Disability Studies Cheat Sheet
The core ideas of Disability Studies distilled into a single, scannable reference — perfect for review or quick lookup.
Quick Reference
Social Model of Disability
A framework that distinguishes between impairment (a bodily or mental condition) and disability (the social barriers and exclusion that people with impairments face). Disability is understood as produced by society rather than by the individual's body.

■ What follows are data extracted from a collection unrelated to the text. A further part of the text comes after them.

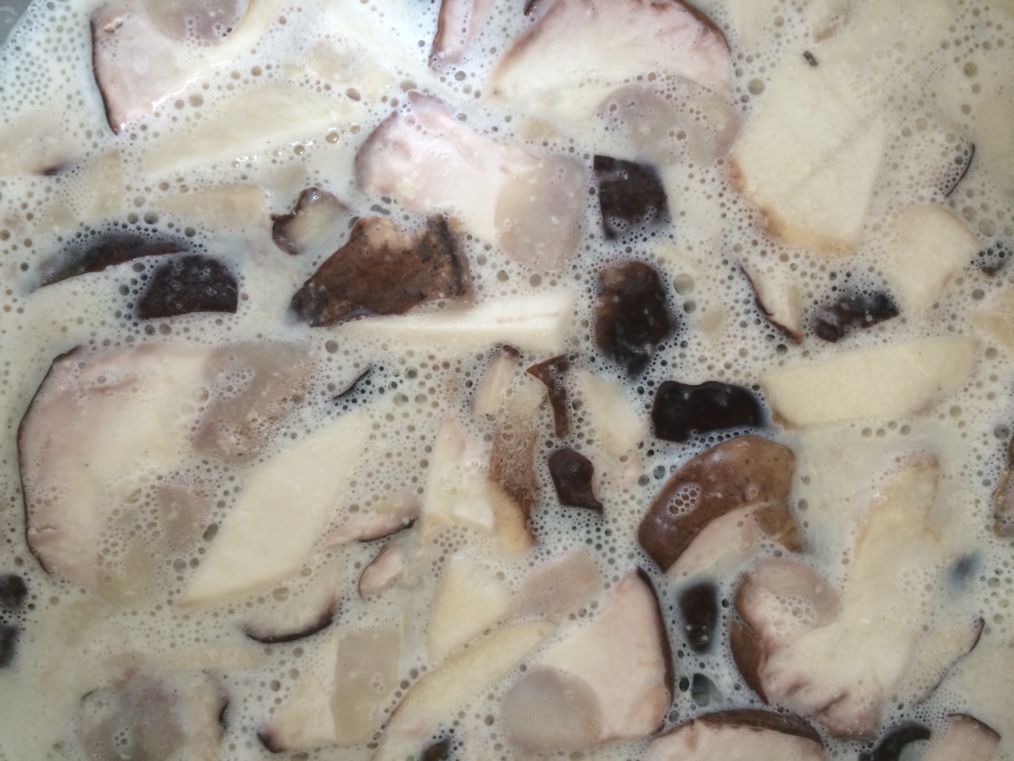 Dans une casserole, faites bouillir 500mL de lait. Quand le lait s’apprête à bouillir, versez les morceaux de cèpes et coupez le feu. Laissez infuser 30 minutes.
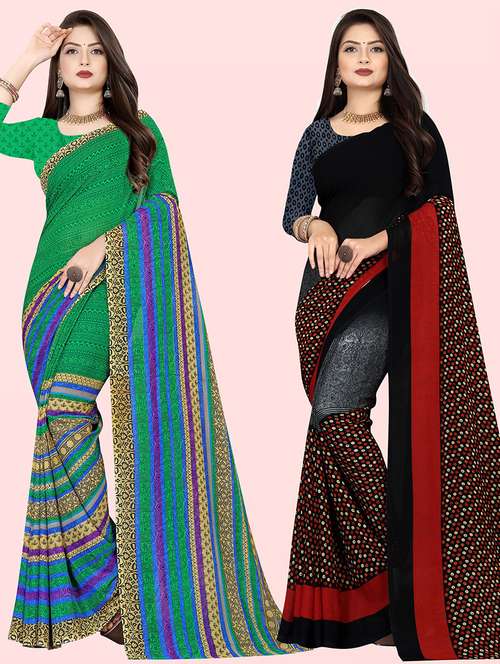 pack of 2 printed casual wear combo saree with blouse - 21474752 - Very Small Image - 1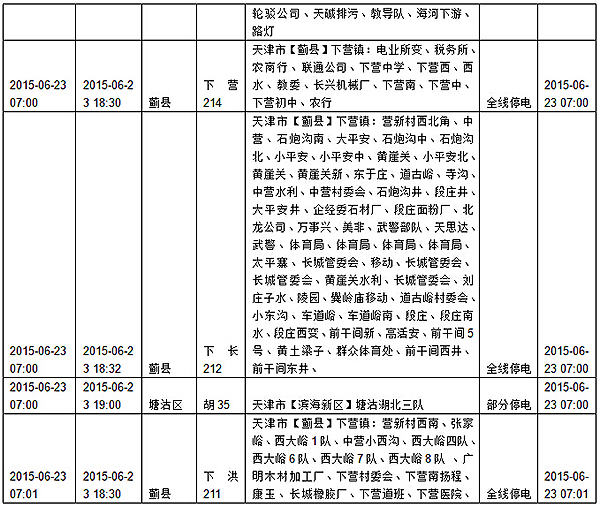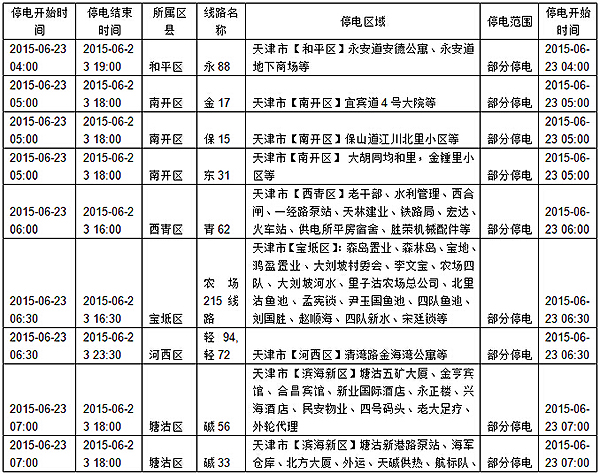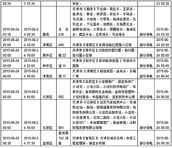 2015年6月15日至6月21日计划检修停电预告

Medical Model of Disability
The traditional framework that views disability as an individual pathology or deficit located in the body, requiring medical intervention, cure, or rehabilitation to restore the person to 'normal' functioning.
Ableism
A system of discrimination and social prejudice that favors able-bodied and neurotypical individuals, devaluing the lives, contributions, and experiences of disabled people. It operates at individual, institutional, and structural levels.
Crip Theory
An intellectual and political framework, influenced by queer theory, that reclaims the word 'crip' to challenge normative assumptions about bodies and minds. It questions compulsory able-bodiedness and celebrates disability as a form of human diversity and identity.
Universal Design
The design of products, environments, programs, and services to be usable by all people to the greatest extent possible, without the need for adaptation or specialized design. It benefits not only disabled people but the entire population.
Intersectionality and Disability
The analysis of how disability intersects with other axes of identity and oppression, including race, gender, class, sexuality, and nationality. Disabled people's experiences vary dramatically depending on these intersecting social positions.
Independent Living Movement
A social and political movement, originating in the 1960s and 1970s, that asserts the right of disabled people to live in the community with adequate support rather than in institutions. It emphasizes consumer control, self-determination, and peer support.
Disability Justice
A framework developed by disabled queer people of color, including Sins Invalid and Patty Berne, that centers the leadership of those most impacted by intersecting systems of oppression. It moves beyond legal rights to address collective liberation and interdependence.
Neurodiversity
A concept asserting that neurological differences such as autism, ADHD, dyslexia, and other cognitive variations are natural forms of human diversity rather than disorders to be cured. It advocates for acceptance and accommodation rather than normalization.
Nothing About Us Without Us
A political slogan and principle originating in disability activism that insists disabled people must be centrally involved in all decisions, policies, research, and services that affect their lives. It rejects paternalistic approaches to disability policy.